Yup, 2 yrs ago i had one come in, Too bad the Coyote Season closes on the 14th of April.
Bvw-


----------



## stump sitter (Oct 22, 2005)

Yes,watched him sneak in to about 50 yards of the decoy and then came at full charge knocking it over,too bd my camera man was asleep


----------



## NATTY BUMPO (May 12, 2001)

Yup again. A couple up here over the past few years and one in Alabama. I sometimes think a turkey call might work better than a traditional 'yote call.

NB


----------



## chuckinduck (May 28, 2003)

One yote and a fox. The fox came cruising in, and it pounced like a cat onto my decoy and pulled it off the stake. Once he figured out it was foam he hightailed it for parts unknown.


----------



## PsEbUcKmAsTeR17 (Oct 5, 2005)

Hey Chuckin, was it a red or a grey? 

-Psebuckmaster17-


----------



## Teacher (Jul 30, 2003)

2 got by me lat year and then were 10 yards from my brother who was snoring, they ran about 70 yards off in the woods and then sounded like got together with a few others. (pretty coats)

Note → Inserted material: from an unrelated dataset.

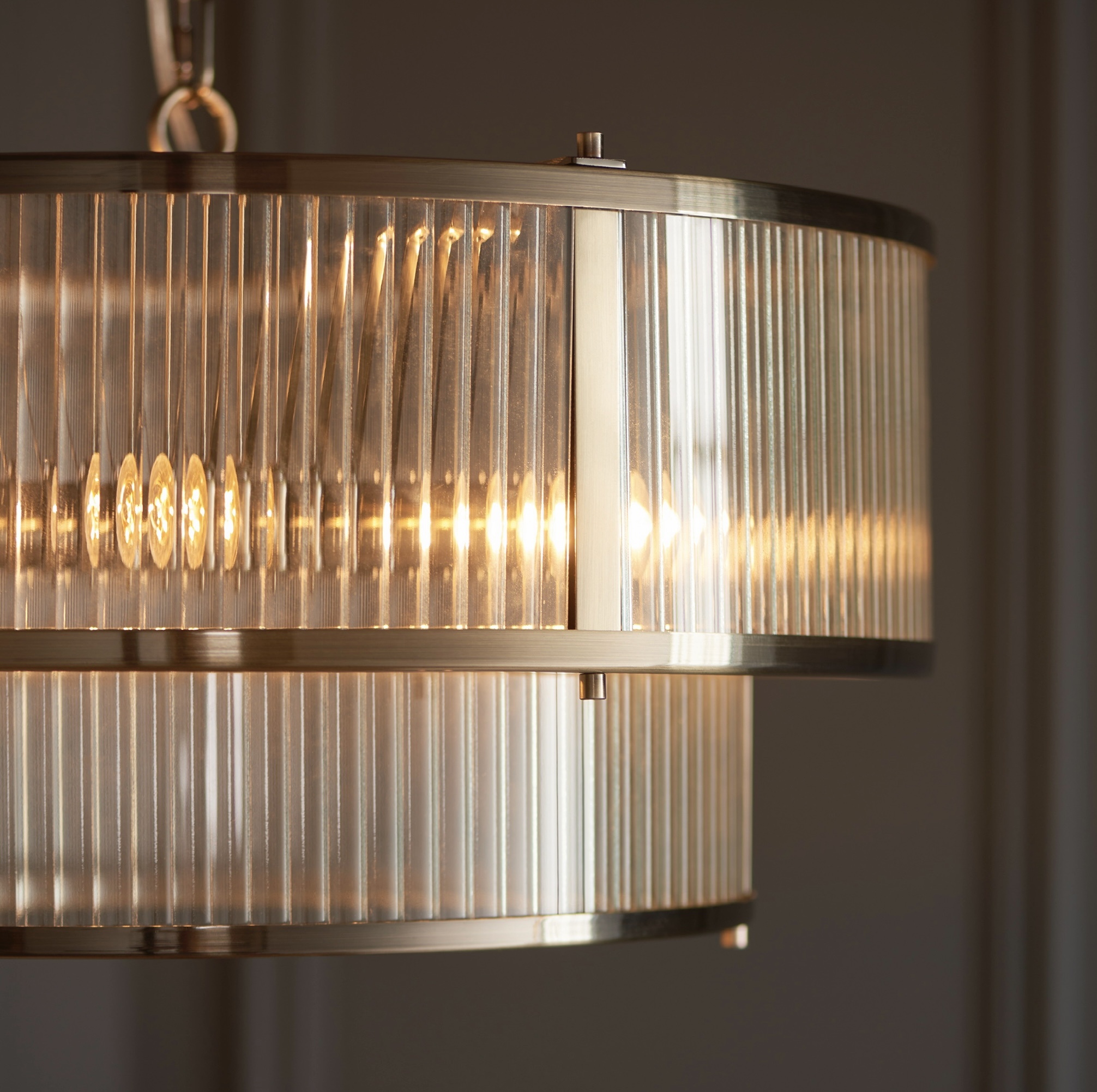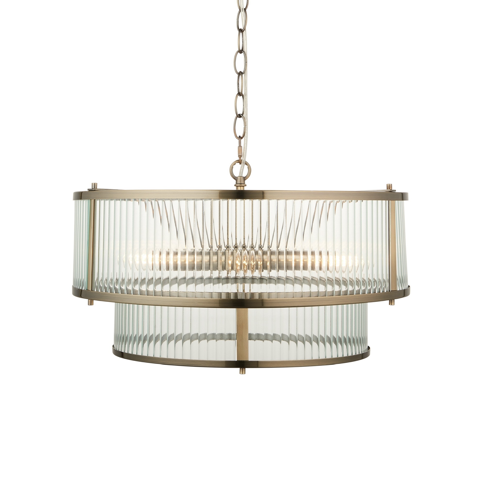 Home / WINTER SALE / Morgan - Two Tiered Ribbed Glass Chandelier Pendant - Antique Brass

I have it on tape. Then 3 seasons ago i was filming, my brother watched it sneak in, and then the darn thing nailed the decoy kinda like a frieght train. Bite marks all over the neck. 

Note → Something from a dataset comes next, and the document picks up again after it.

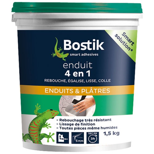 Autres produits populaires dans ce rayonEnduit de rebouchage intérieur/extérieur Rapid' Rebouch Toupret, gris - Seau de 700 ml34,50 € htEnduit rebouchage lissage pâte extérieur 1.5kg + spatule23,50 € htEnduit rebouchage façade pot 1.5kg27,95 € htEnduit 4 en 1 multi-usages Bostik - Seau de 4 kg53,50 € htEnduit répare bois intérieur extérieur poudre 1 kg37,50 € htEnduit rebouchage façade en poudre 1kg20,50 € ht

It was cool, he was a bit mangie(spelling)


----------



## dyemen (Feb 20, 2005)

Called one in a long time ago(10+ years ago).....I was running and calling try to find a tom to work, set up behind a log........saw a flash up on the ridge in front of me and thought it was a deer till he got close...... Pretty cool and very effective!

DAve


----------



## sprigdog (Jan 29, 2004)

3. one charged the decoy from behind (me) and literally grazed my knee as it ran past me. I also have a picture of a double, one rio grande and one songdog. songdog decoyed at 7:30 and the turkey around 10:00. none have made it onto the decoy yet. I bet a good lawyer could argue that "about to to damage" theory on the justification.


----------



## Critter (Mar 3, 2006)

Aren't Coyotes always "about to do damage"?


----------



## davidshane (Feb 29, 2004)

Once, and talk about high energy. I never heard or saw it comming until I glanced back to my left and there it was; maybe 10 yards away. As soon as it saw me move, it was gone in a flash.


----------



## woodie slayer (Feb 25, 2006)

it does???????????? oops


BVW said:


> Yup, 2 yrs ago i had one come in, Too bad the Coyote Season closes on the 14th of April.
> Bvw-


----------



## clattin (Jul 8, 2000)

Wow...I'm surprised it hasn't happened more often for you guys. I've called in a LOT of coyotes during turkey season. For several years, I hunted south of Gaylord around the town of Waters. I called in at least 6 or 8 coyotes around there and a mangy fox over in Barry county one year.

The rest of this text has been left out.